Da un capanno di legno uscì Will. In testa calzava uno zuccotto verde scuro, che nascondeva tutti i riccioli. «Fai piano.» Portava una cassa di cioppi per il camino in braccio. Richiuse la porta con il piede, poi risalì la lieve discesa del vialetto. I cani lo seguirono, e anche la bambina, drizzando la testa.
«Papà, c'è una macchina!»
Aveva ragione. Un grosso suv nero stava parcheggiando di fronte alla veranda a palafitta di casa. Will aggrottò la fronte, una piccola nuvola di condensa sfuggì dalle sue labbra e si volatilizzò nell'aria; si accertò che tutti i cani rimanessero vicino a lui finchè la macchina non spense il motore. Scese Jack Crawford, con indosso un cappotto di feltro e un cappello a falda larga.
«Chi è quel signore?» domandò la bambina, indicandolo con il dito. Jack sorrise automaticamente, attendendo che i due gli venissero incontro.
Quando furono abbastanza vicini, Will si costrinse a tirare un sorriso. «Questo signore è un vecchio amico di papà, si chiama Jack. Era da tanto tempo che non ci vedevamo.»

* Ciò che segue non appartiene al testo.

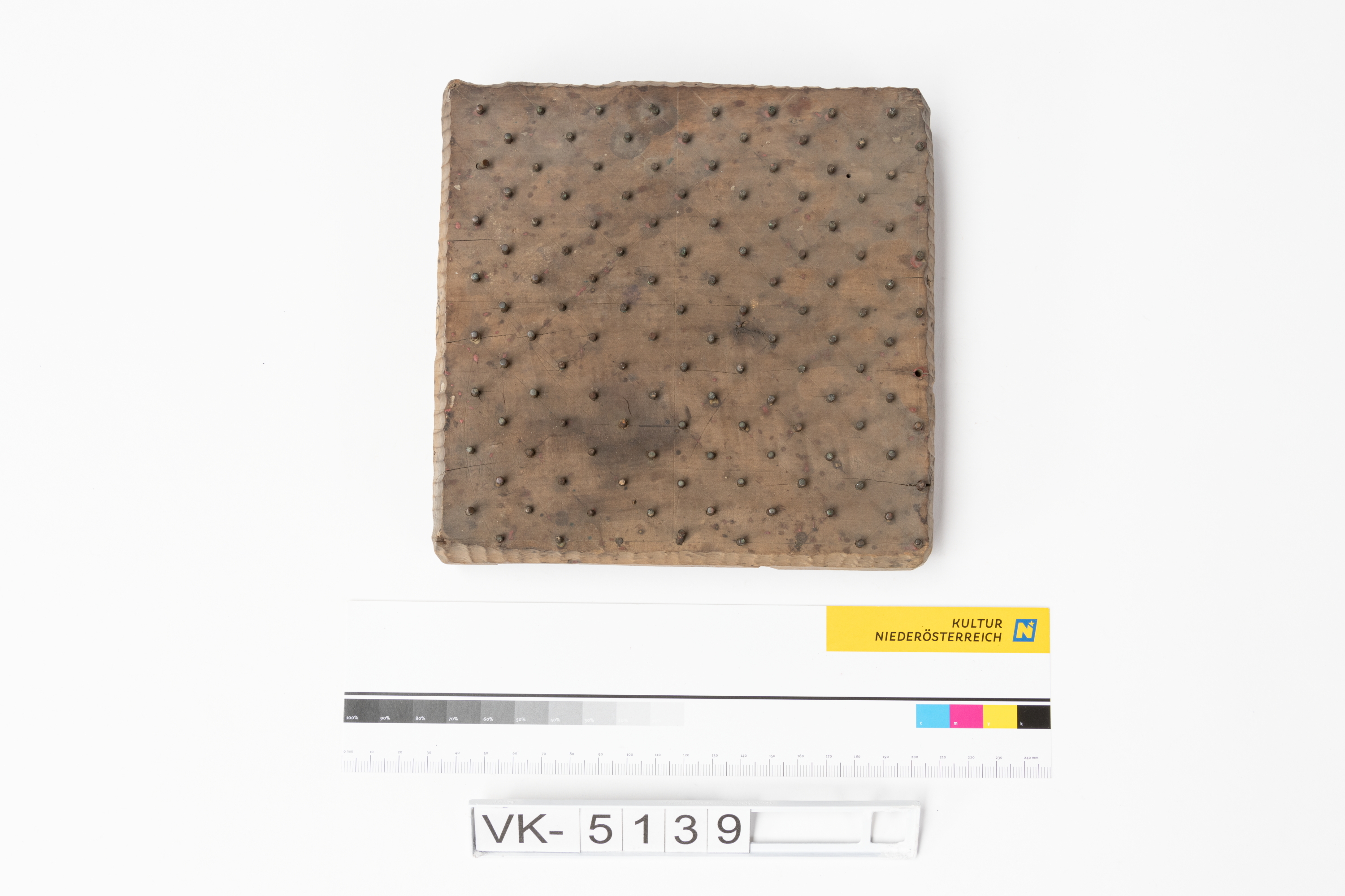 Färbermodel aus Holz mit Metallstiften und zwei Kerben. Druckmuster: Punkte.
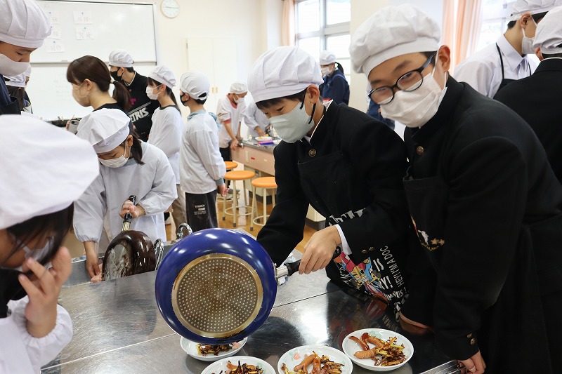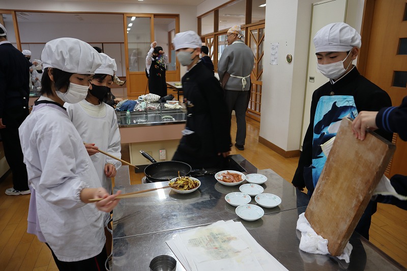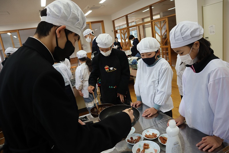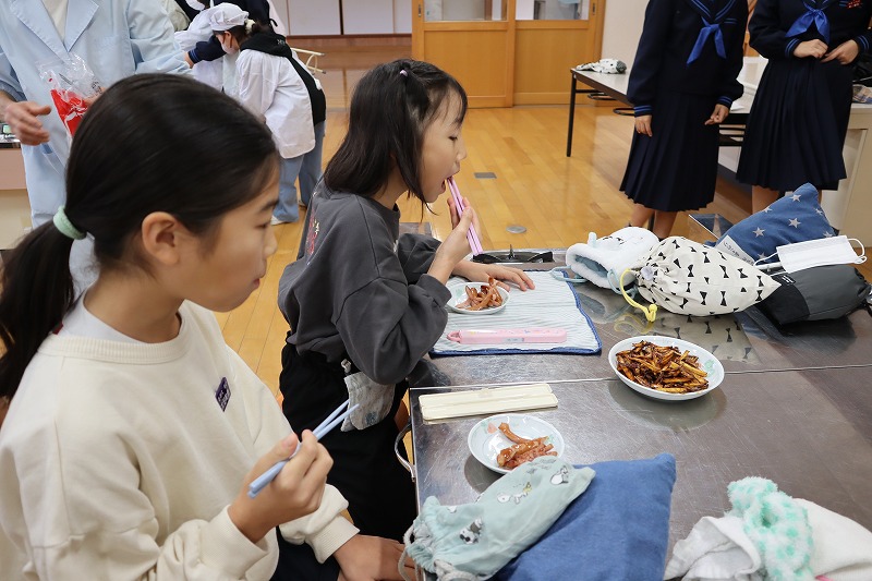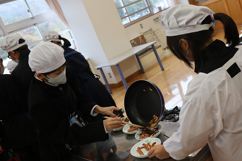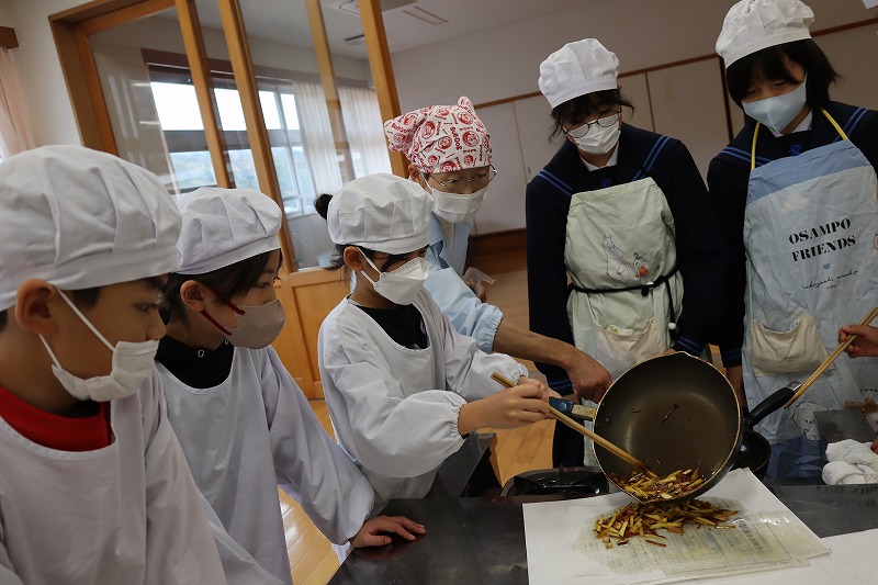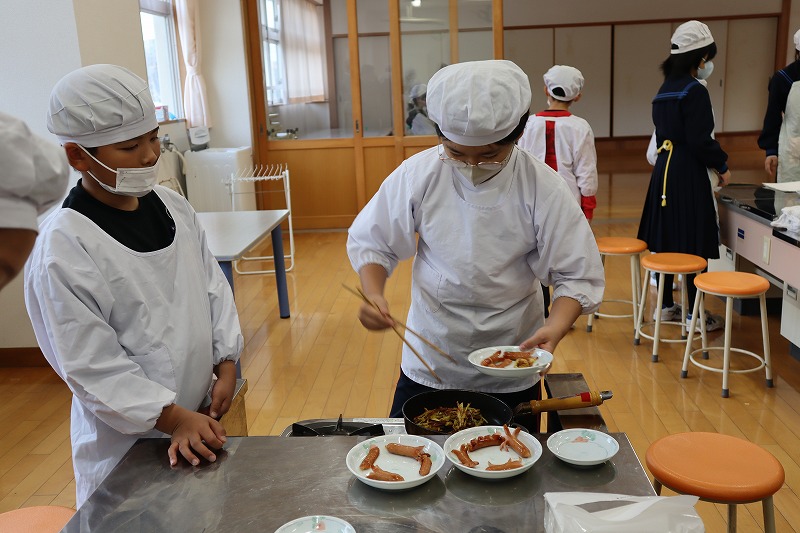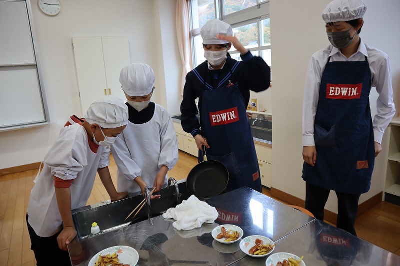 1校時に「マイ弁当の日」に向けたおかず作りの調理実習を行いました。今回は、7年生と4年生が一緒に「芋けんぴ」と「焼きソーセージ」を作りました。7年生が上手に声をかけながら作りました。みんなで分け合って雰囲気良く試食しました。これで自分で作れるおかずのレパートリーが増えました。前期後期で交流しながら調理ができるのも、義務教育学校ならではの活動です。

I due si abbracciarono. «Vecchio sarai tu, Will.»
Quando si allontanarono, Will prese in braccio la bambina, come per fargliela vedere bene in volto, ma anche quasi in un gesto di inconscia protezione. «Lei è Bianca.» Aveva un paraorecchie di pelo rosa, una giacca invernale rossa e un paio di stivaletti in miniatura. Le guance erano pallide e dolci come burro sotto un paio di piccole trecce. «Facciamo un po' di sidro caldo per Jack?»

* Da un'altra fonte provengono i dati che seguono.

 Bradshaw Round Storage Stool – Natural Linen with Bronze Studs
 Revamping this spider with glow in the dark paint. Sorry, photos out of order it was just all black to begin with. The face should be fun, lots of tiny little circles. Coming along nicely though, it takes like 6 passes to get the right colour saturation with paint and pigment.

Una volta sul portico, Will ne preparò due tazze. Bianca bevve qualche sorso da quella del padre, poi arricciò la faccia perchè si era scottata e volle scendere dal braccio.
«Hai rivisto Margot e Alana, ho sentito» divagò Jack, soffiando sul sidro. 
«Oh, sì, spesso. Morgan e Bianca sono amici. Lei lo picchia e lui, poverino, non si ribella mai. Abbiamo fatto una grigliata a fine autunno.» Will lanciò un'occhiata torva all'amico, quasi rimproverandolo perchè non osava andare dritto al punto. Jack lo ignorò. Stava contemplando il panorama oltre il parapetto di legno, la vallata di neve, le montagne e il pineto. 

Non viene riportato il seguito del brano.